Once a Linux module has been loaded it is as much a part of the kernel as any normal kernel code. It has the same rights and responsibilities as any kernel code; in other words, Linux kernel modules can crash the kernel just like all kernel code or device drivers can.

So that modules can use the kernel resources that they need, they must be able to find them. Say a module needs to call kmalloc(), the kernel memory allocation routine. At the time that it is built, a module does not know where in memory kmalloc() is, so when the module is loaded, the kernel must fix up all of the module's references to kmalloc() before the module can work. The kernel keeps a list of all of the kernel's resources in the kernel symbol table so that it can resolve references to those resources from the modules as they are loaded. Linux allows module stacking, this is where one module requires the services of another module. For example, the VFAT file system module requires the services of the FAT file system module as the VFAT file system is more or less a set of extensions to the FAT file system. One module requiring services or resources from another module is very similar to the situation where a module requires services and resources from the kernel itself. Only here the required services are in another, previously loaded module. As each module is loaded, the kernel modifies the kernel symbol table, adding to it all of the resources or symbols exported by the newly loaded module. This means that, when the next module is loaded, it has access to the services of the already loaded modules.

When an attempt is made to unload a module, the kernel needs to know that the module is unused and it needs some way of notifying the module that it is about to be unloaded. That way the module will be able to free up any system resources that it has allocated, for example kernel memory or interrupts, before it is removed from the kernel. When the module is unloaded, the kernel removes any symbols that that module exported into the kernel symbol table.

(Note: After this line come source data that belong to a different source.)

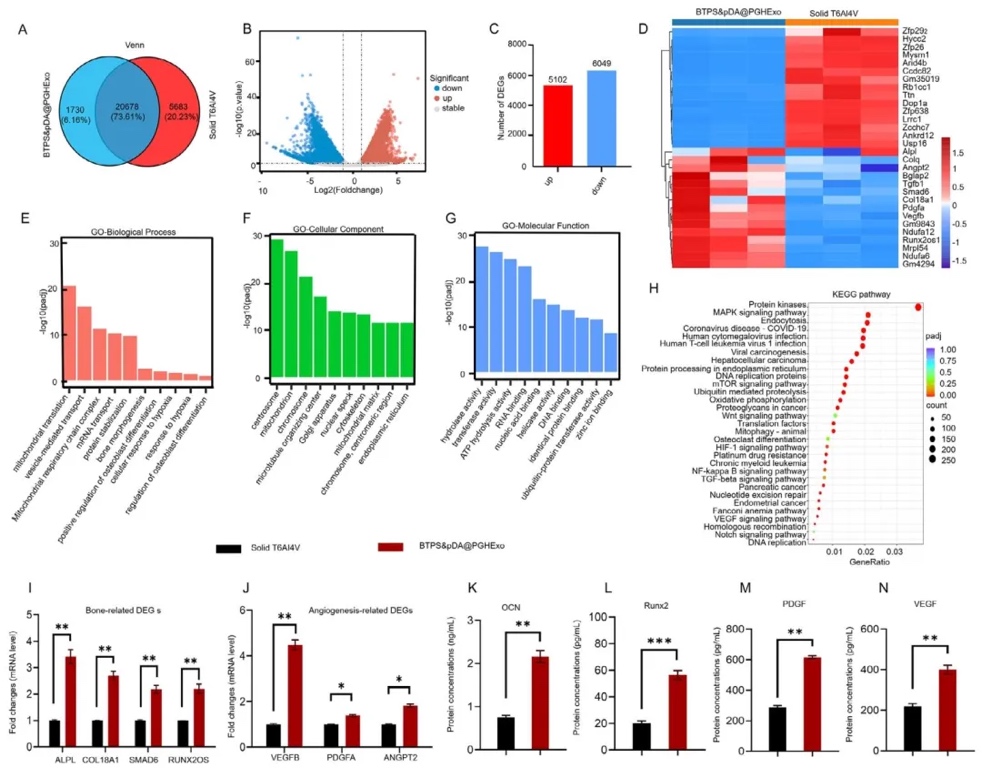 6. 支架诱导骨再生的转录组学机制分析,通过mRNA-seq对比BTPS&pDA@PGHExo与纯钛支架组的基因表达,GO富集分析显示差异基因显著富集于“骨骼发育”“血管生成”“MAPK/mTOR/HIF-1信号通路”,RT-PCR及ELISA验证ALPL、VEGFB等关键基因和蛋白(RUNX2/VEGF)的上调,揭示外泌体通过激活多通路协同促进骨再生。
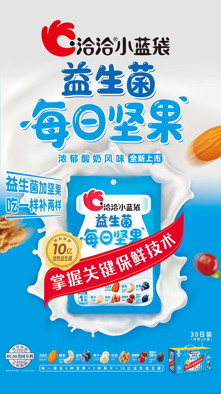 洽洽小(xiǎo)藍袋益生(sheng)菌每日(ri)堅果,立足于(yu)洽洽原味每日(ri)堅果的(de)品(pin)質(zhi),從(cong)功能(néng)性、好吃度兩箇(ge)維(wei)度進(jin)行創新(xin),“每日(ri)堅果+益生(sheng)菌”多(duo)重(zhong)營(ying)養一(yi)袋有(yǒu)。
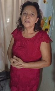 Maria Aparecida do Nascimento de Castro mora no acampamento há cinco anos e reforça o desejo de produzir para o próprio sustento. Ela faz um apelo por ajuda e diz que quer viver da terra, plantando para consumo próprio.
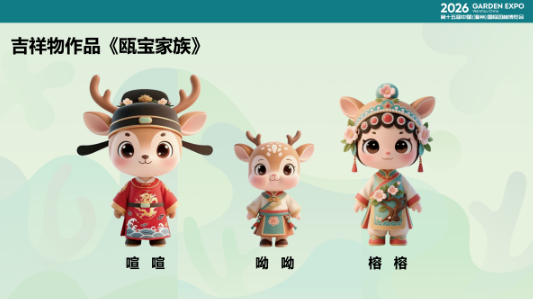 “瓯宝”名称,源自温州古称“瓯”,“白鹿衔花”是源自东晋的建城传说,选择“鹿”作为吉祥物,契合温州深厚历史文脉。它们的名字分别取自唐代诗人郑谷诗句“饮涧鹿喧双派水”、《诗经》“呦呦鹿鸣”,以及温州的市树“榕树”。它们的服饰融入温州南戏元素,是对温州作为“南戏故里”的致敬。
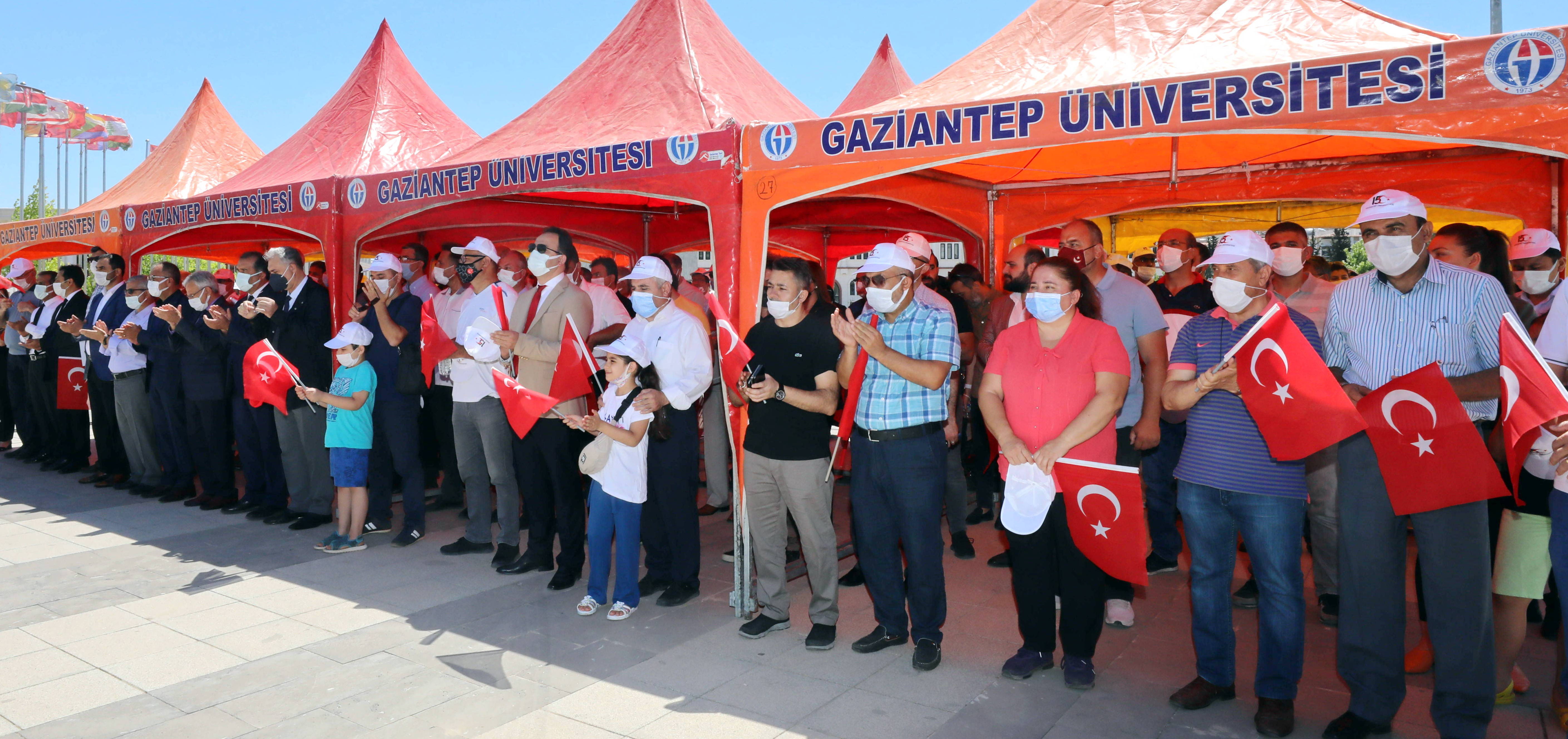 Gaziantep Üniversitesi’nde (GAÜN) “15 Temmuz Demokrasi ve Milli Birlik Günü” etkinlikleri kapsamında anma töreni düzenlendi. GAÜN Meydanda saygı duruşu ve İstiklal Marşı’nın okunmasıyla başlayan törende; İl Müftü Yardımcısı Ramazan Yıldırım tarafından Kur’an-ı Kerim Tilaveti ve Azez İslami İlimler Fakültesi Dekanı Prof. Dr. Mahmut Çınar tarafından da şehitlerimiz için dua edildi.

Apart from the ability of a loaded module to crash the operating system by being badly written, it presents another danger. What happens if you load a module built for an earlier or later kernel than the one that you are now running? This may cause a problem if, say, the module makes a call to a kernel routine and supplies the wrong arguments. The kernel can optionally protect against this by making rigorous version checks on the module as it is loaded.